→ WORK TASK:
Find the line below with "Regla de Aluminio" and the line with "Canapé-lit simple rond". Output them and the lines between, exactly, but not the pictures.

DATA RECORDS: Begin

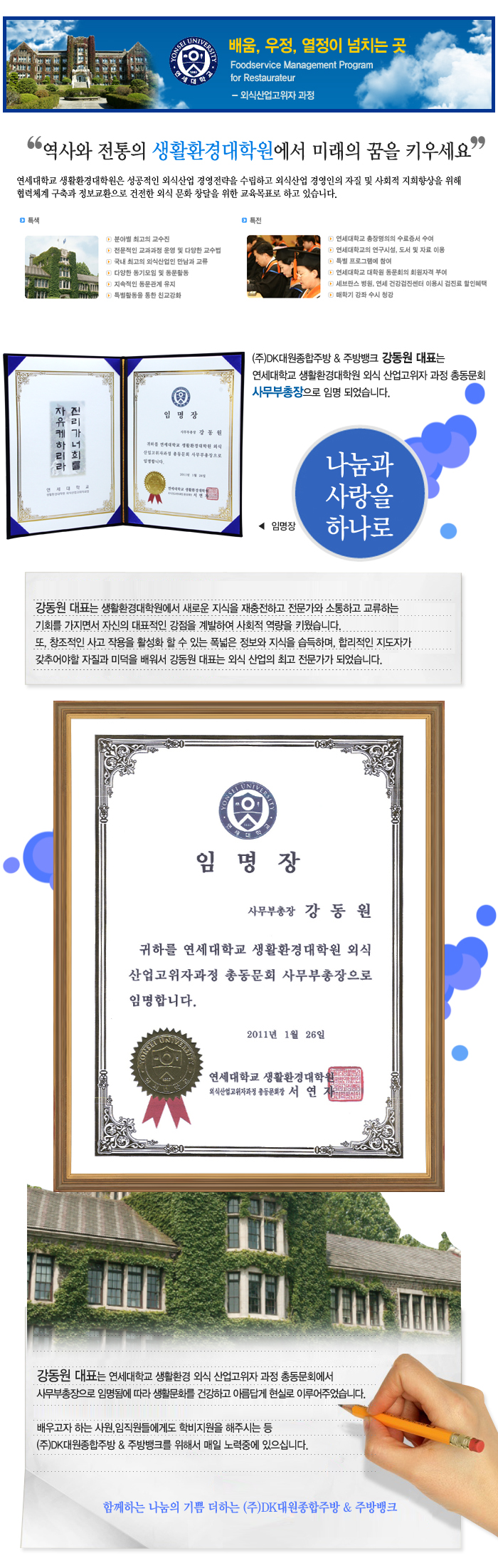 연세대학교 생활환경대학원 외식 산업고위자 과정 총동문회 사무부총장 임명
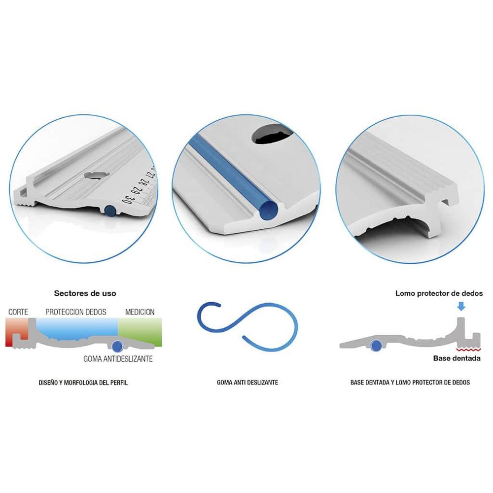 Regla de Aluminio De Corte 30 cm. Lográ cortes exactos en cualquier material protegiendo tus manos. Super resistentes y con sistema antideslizante inferior.
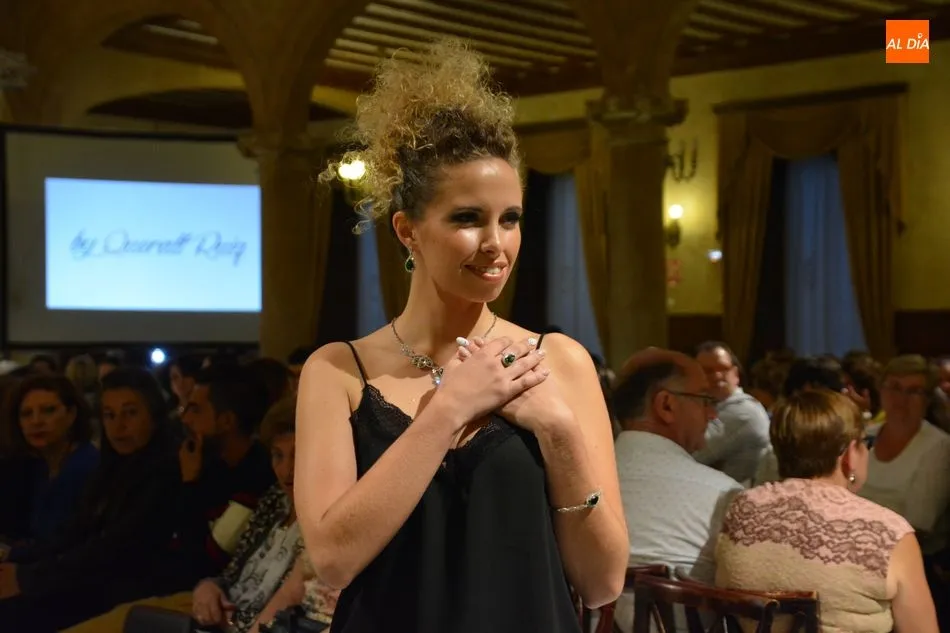 Elegancia, clase y personalidad han caracterizado el desfile de joyería de Queralt Ruiz en el salón central del Casino de Salamanca, donde han destacado los diseños más novedosos de pendientes y pulseras.
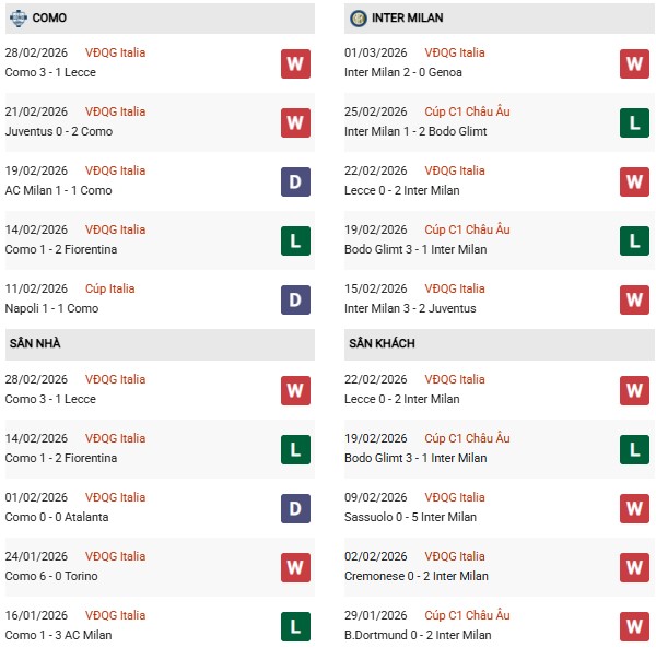 Thống kê phong độ Como vs Inter Milan:
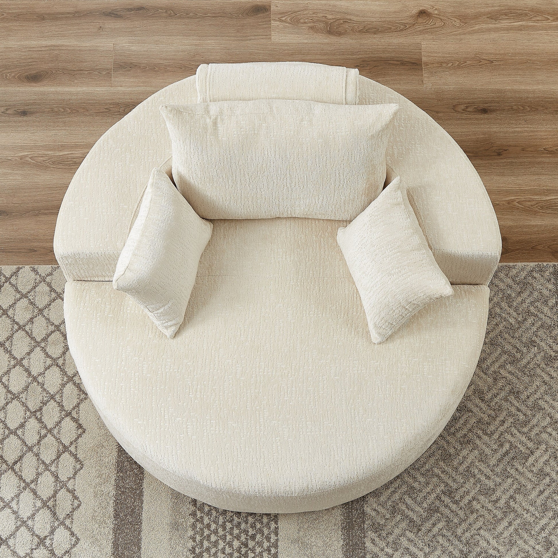 Canapé-lit simple rond en chenille beige avec coussin de dossier
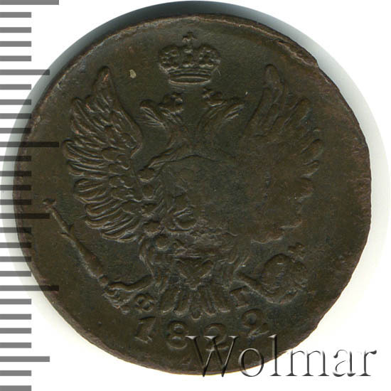 Аверс монеты 1 копейка 1822 года ЕМ-ФГ
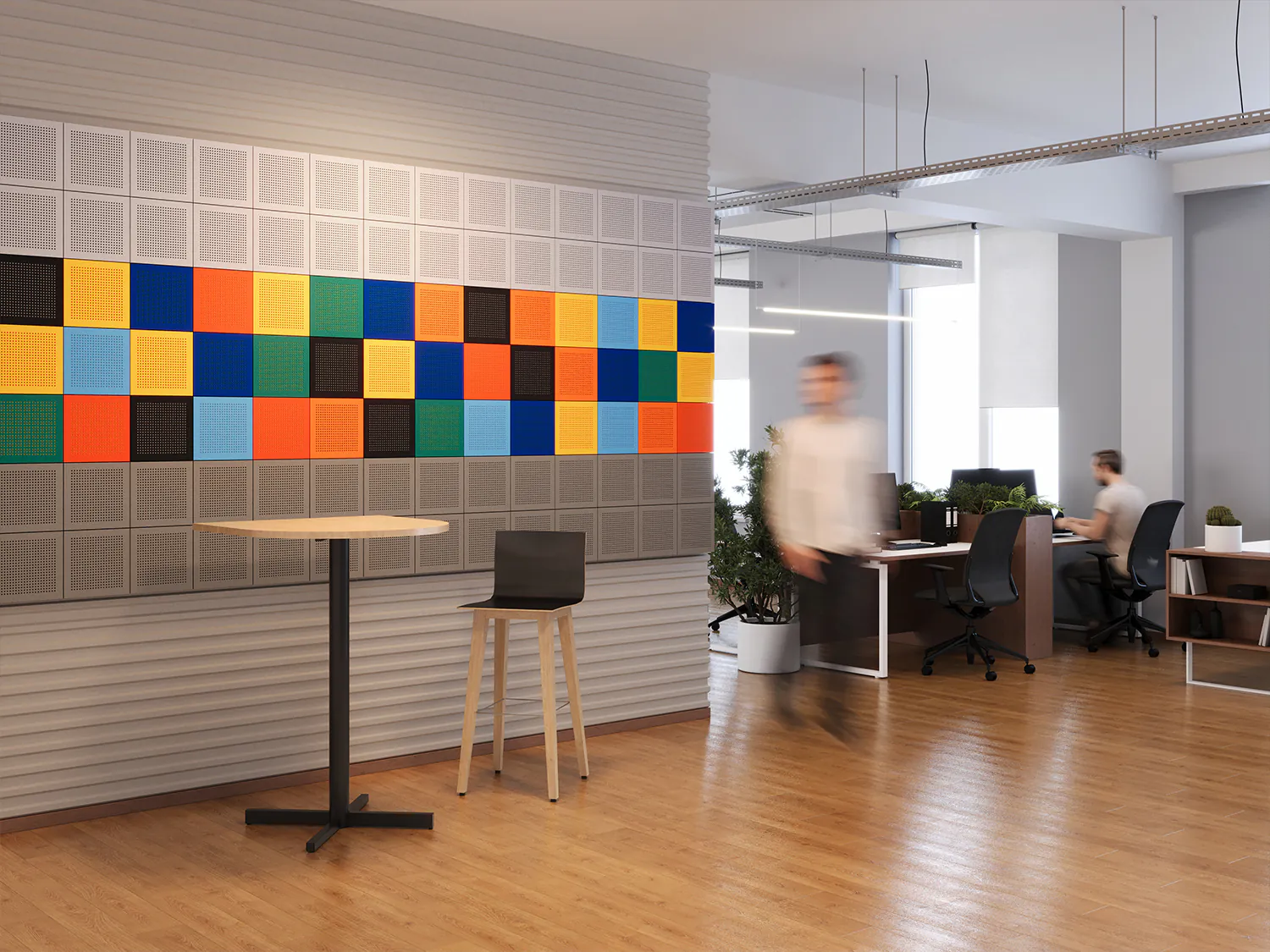 FLUFFO PERFO panely vytvářejí bezpečné, funkční a příjemné prostředí pro práci – ideální do kanceláří nebo zasedacích místností.
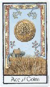 Nøkkelord: Velstand og vekst. Kortet symboliserer konkret virkelighet, materiell rikdom og komfort. Når du får dette kortet kan du regne med bemerkelsesverdig, økonomisk bedring i livet. Det er også viktig å tenke på andre betydninger enn kontanter du kan ta og føle på. Det blir antydet velstand på andre plan; du er kanskje på vei inn i en produktiv fase. Hvis du for eksempel liker å arbeide med hendene, vil du ha stor glede av denne virksomheten nå. Følelsesmessig tyder myntenes ess på trygghet og tilfredshet. Personlige forhold eller arbeidsfellesskap er fredelige, og det hersker en atmosfære av soliditet og stor yteevne.
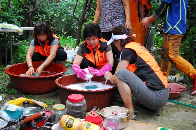 경기 하남소방서가 최근 지역내 취약계층 3가구에 대한 '화재예방 주거환경 개선사업'을 실시한 가운데 참여 봉사자들이 해당 가구의 식기를 세척하고 있다.(사진제공=하남소방서)
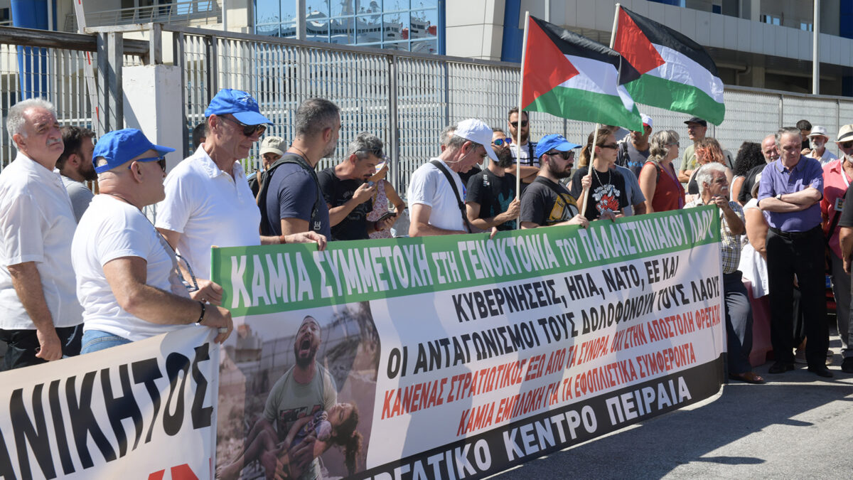 Οι εργαζόμενοι του Πειραιά από την πρώτη στιγμή εκφράσαμε την αλληλεγγύη μας στον επί δεκαετίες δοκιμαζόμενο λαό της Παλαιστίνης. Οργανώσαμε με κάθε τρόπο την πάλη μέσα από τα σωματεία μας, ώστε να αποτρέψουμε την εμπλοκή της χώρας μας σε αυτό το μακελειό. Μπλοκάραμε τη φόρτωση και μεταφορά σφαιρών που προορίζονταν για τα κορμιά των Παλαιστινίων. Αποτρέψαμε τον ελλιμενισμό πλοίων φορτωμένων με πολεμικό υλικό. Βροντοφωνάξαμε να μην εμπλακεί καμία ελληνική φρεγάτα στη σφαγή που συντελείται στην ευρύτερη περιοχή της Μέσης Ανατολής.
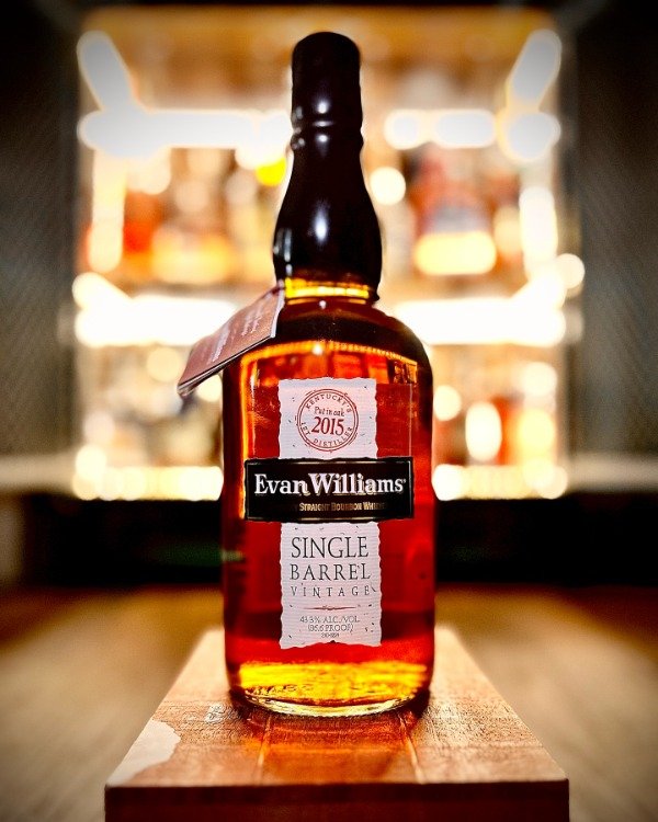 Clásico de Heaven Hill con sello vintage: Evan Williams Single Barrel es un Kentucky Straight Bourbon single barrel (cada botella proviene de una única barrica) embotellado a 86.6 proof (43,3% ABV).
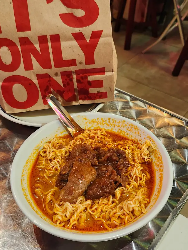 聽說是店家招牌,朋友忍唔住叫咗🙊 究竟同常餐沙嗲公仔麵有咩唔一樣❓ 餐廳加重咗沙嗲濃郁度,辣度都大提升,食落香濃惹味,牛肉一片片份量都唔少

DATA RECORDS: End

→ EXERCISE RESULT:
 Regla de Aluminio De Corte 30 cm. Lográ cortes exactos en cualquier material protegiendo tus manos. Super resistentes y con sistema antideslizante inferior.
 Elegancia, clase y personalidad han caracterizado el desfile de joyería de Queralt Ruiz en el salón central del Casino de Salamanca, donde han destacado los diseños más novedosos de pendientes y pulseras.
 Thống kê phong độ Como vs Inter Milan:
 Canapé-lit simple rond en chenille beige avec coussin de dossier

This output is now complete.